To find the velocity of car A and car B when the minimum distance between the two cars occurs, we need to find the time(s) at which the minimum distance occurs first. We can then differentiate their position equations to obtain their velocities at that time.

To determine the time(s) at which the minimum distance occurs, we need to find the critical points of the distance function between the two cars.
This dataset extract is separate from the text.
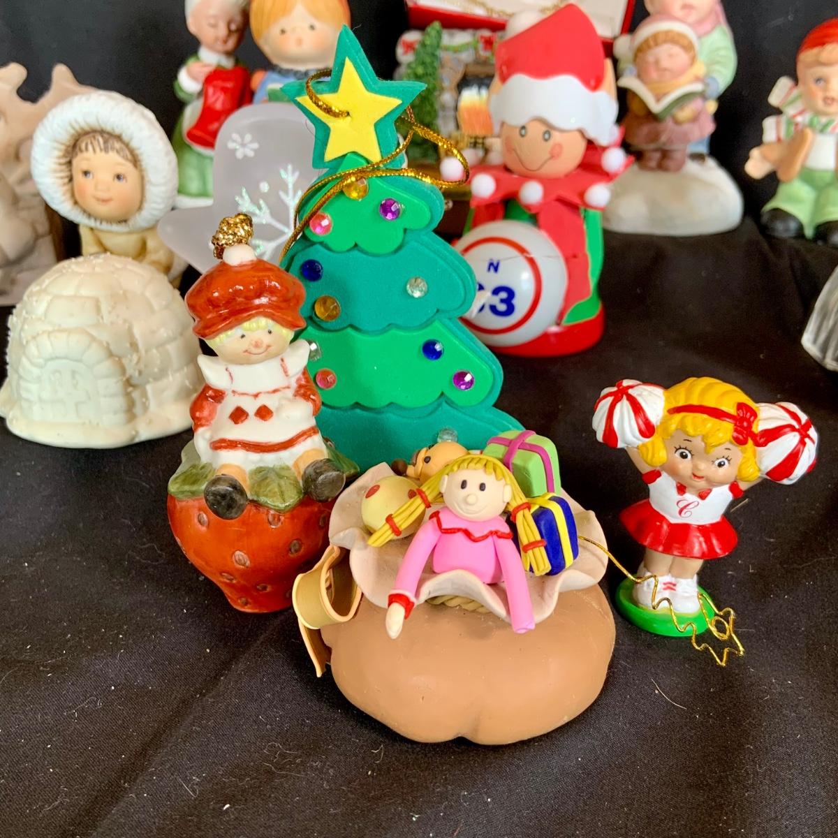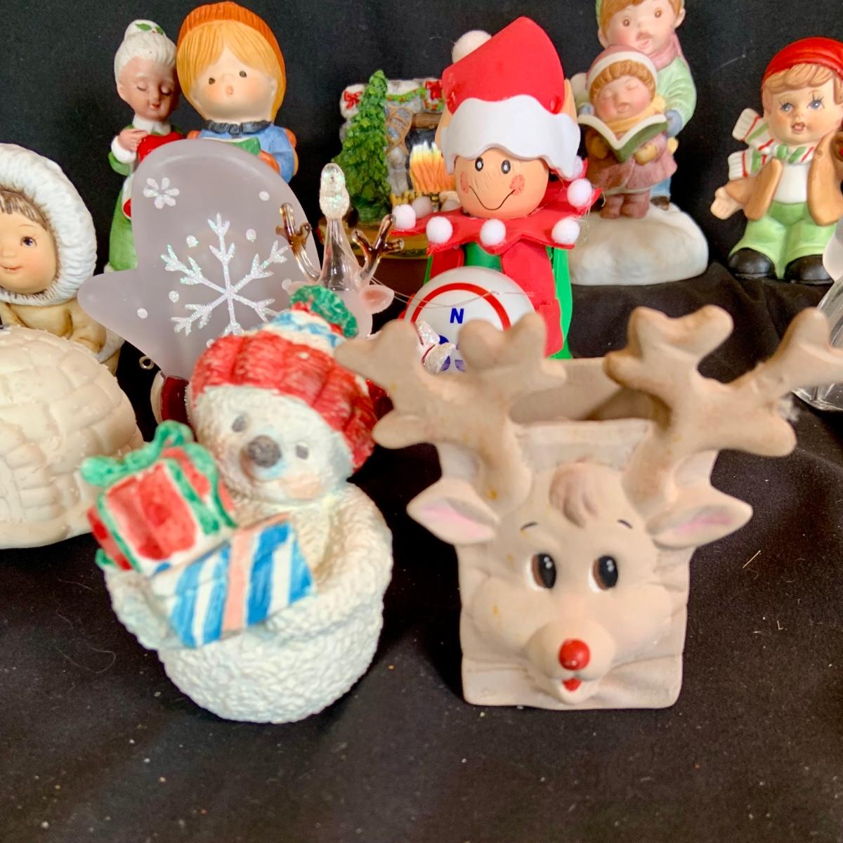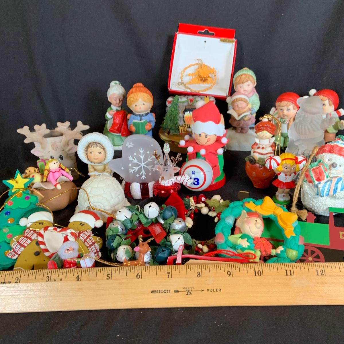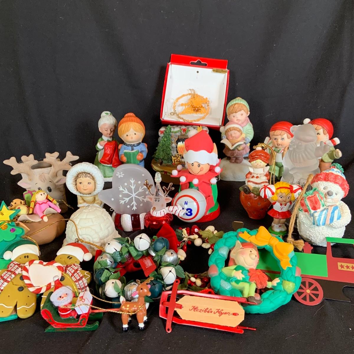 LOT:90: Vintage Holiday Ornaments, Music Box, Candle Topper and More Festive Decor

We subtract the position equation of car B from car A:

Distance function: D(t) = s_A(t) – s_B(t)
= (3t² – 2t) – (4t² – 3t + 20)
= -t² + 5t – 20
To find the critical points, we take the derivative of the distance function and set it equal to zero:
D'(t) = -2t + 5
-2t + 5 = 0
-2t = -5
t = 5/2
So, the critical point occurs at t = 5/2 seconds.

To find the velocities of car A and car B at t = 5/2 seconds, we differentiate their position equations:

For car A:
v_A(t) = d/dt [3t² – 2t]
= 6t – 2
For car B:
v_B(t) = d/dt [4t² – 3t + 20]
= 8t – 3

Substituting t = 5/2 into the velocity equations, we can calculate the velocities:

For car A:
v_A(5/2) = 6(5/2) – 2
= 15 – 2
= 13 m/s
For car B:
v_B(5/2) = 8(5/2) – 3
= 20 – 3
= 17 m/s

Therefore, when the minimum distance between the two cars occurs, car A has a velocity of 13 m/s, and car B has a velocity of 17 m/s.

e.) What is the displacement of car A and car B from t = 0 to t = 2 seconds?
To find the displacement of car A and car B from t = 0 to t = 2 seconds, we calculate their position differences:

For car A:
s_A(2) – s_A(0) = (3(2)² – 2(2)) – (3(0)² – 2(0))
= 8 – 0 = 8 meters
For car B:
s_B(2) – s_B(0) = (4(2)² – 3(2) + 20) – (4(0)² – 3(0) + 20)
= 30 – 20 = 10 meters
Therefore, the displacement of car A from t = 0 to t = 2 seconds is 12 meters, and the displacement of car B over the same time interval is 10 meters.